True to its title, there's a mean country chill that runs through "Winter's Bone," an iciness that no heavy jacket can warm.
Ree Dolly (Jennifer Lawrence in a tough-as-leather breakout performance) is an Ozark mountain girl who once dreamed of joining the Army. But at age 17 her meth-cooking father has disappeared, and if he doesn't show up for a court appearance, her family -- a near-catatonic mother and two sweet younger siblings -- will lose its house and land.
Like it or not, Ree is in charge. And that doesn't mean she just has to feed the kids and do the laundry. Now she has to go find her father.
This, unfortunately, means seeking out the family's long line of outlaw relatives, starting with her dangerous uncle Teardrop (the always fine John Hawkes from "Me and You and Everyone We Know") and then moving on to even scarier territory.
Writer-director Debra Granik ("Down to the Bone") lays bare Ree's Ozark lifestyle, from the way she teaches her younger brother and sister how to skin and gut squirrels to a face-off with mean-faced mountain women that turns ugly.
As Ree, Lawrence charges through it all with a determination bred of desperation but obviously forged under fire.
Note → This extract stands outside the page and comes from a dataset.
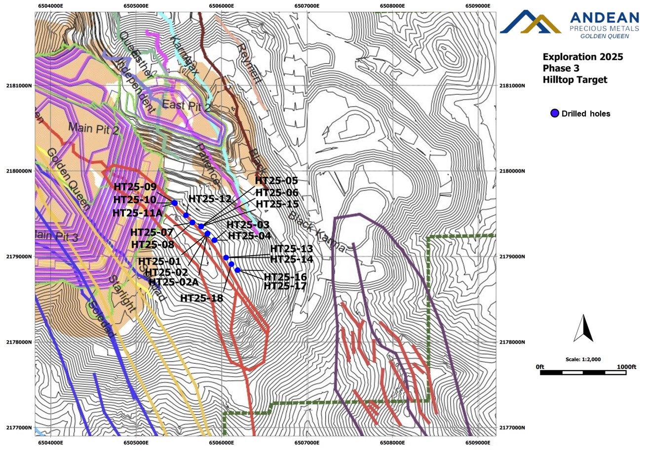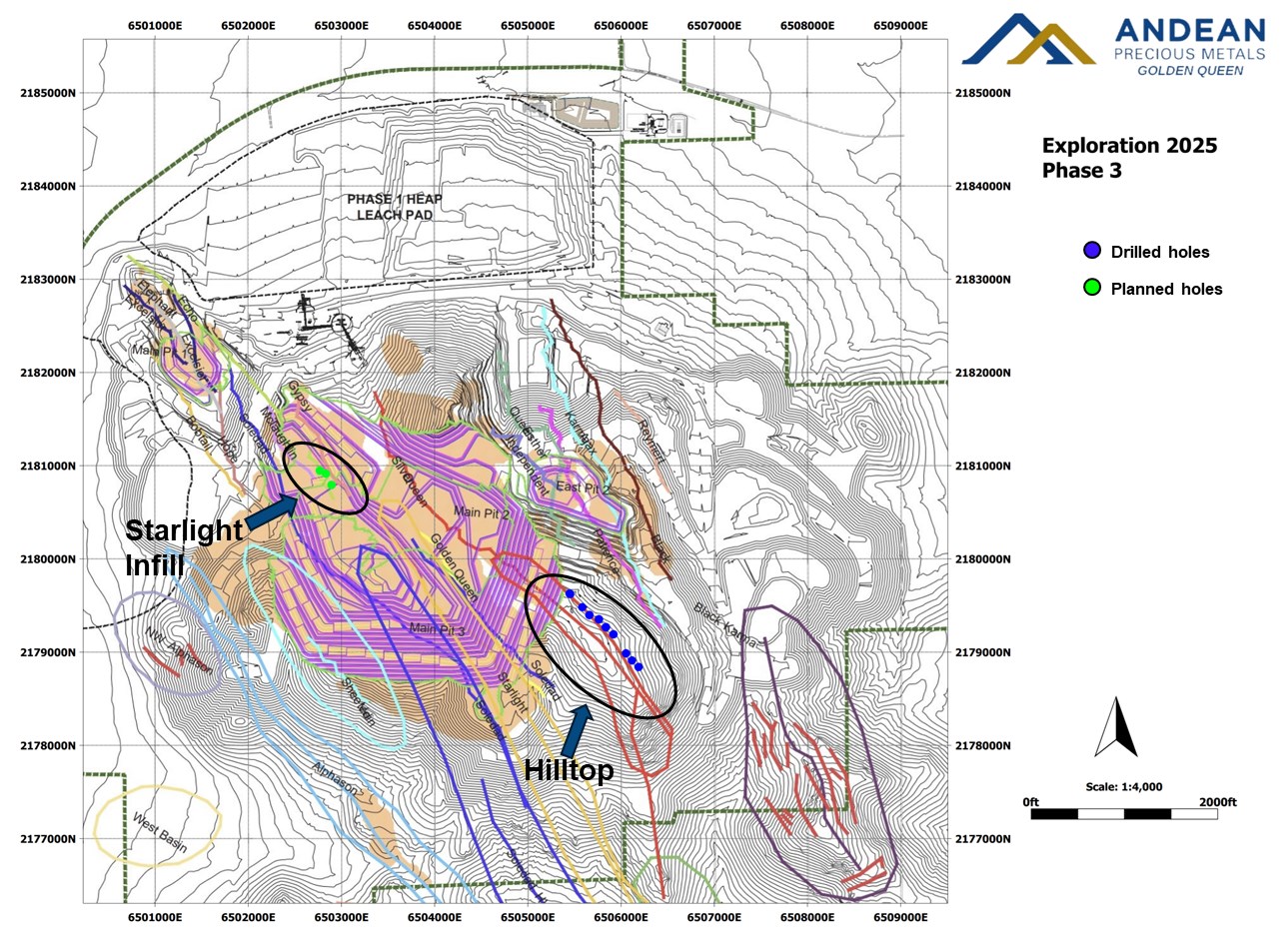 The 2025 Exploration Program at Golden Queen initiated Phase 3. This phase consists of 4,300 metres of core drilling and is focused on extending the mine life by exploring the Hilltop area, which represents the southeast extension of the Silver Queen vein, as well as expanding current mining zones into areas of limited exploration data, primarily the Starlight Vein in the southeast trend of Main Pit 2.

This is a girl who takes her responsibilities seriously, and she will not bend.
True to itself, "Winter's Bone" never softens, and neither does Ree, even when she breaks. As she stomps through the woods there's a purpose to her that brooks no moral philosophizing. Other people have choices; not Ree. And she can live with that.
The result is a film and a character of unusual strength. Pity Ree, question her decisions, wonder about her future. But the girl does not quit.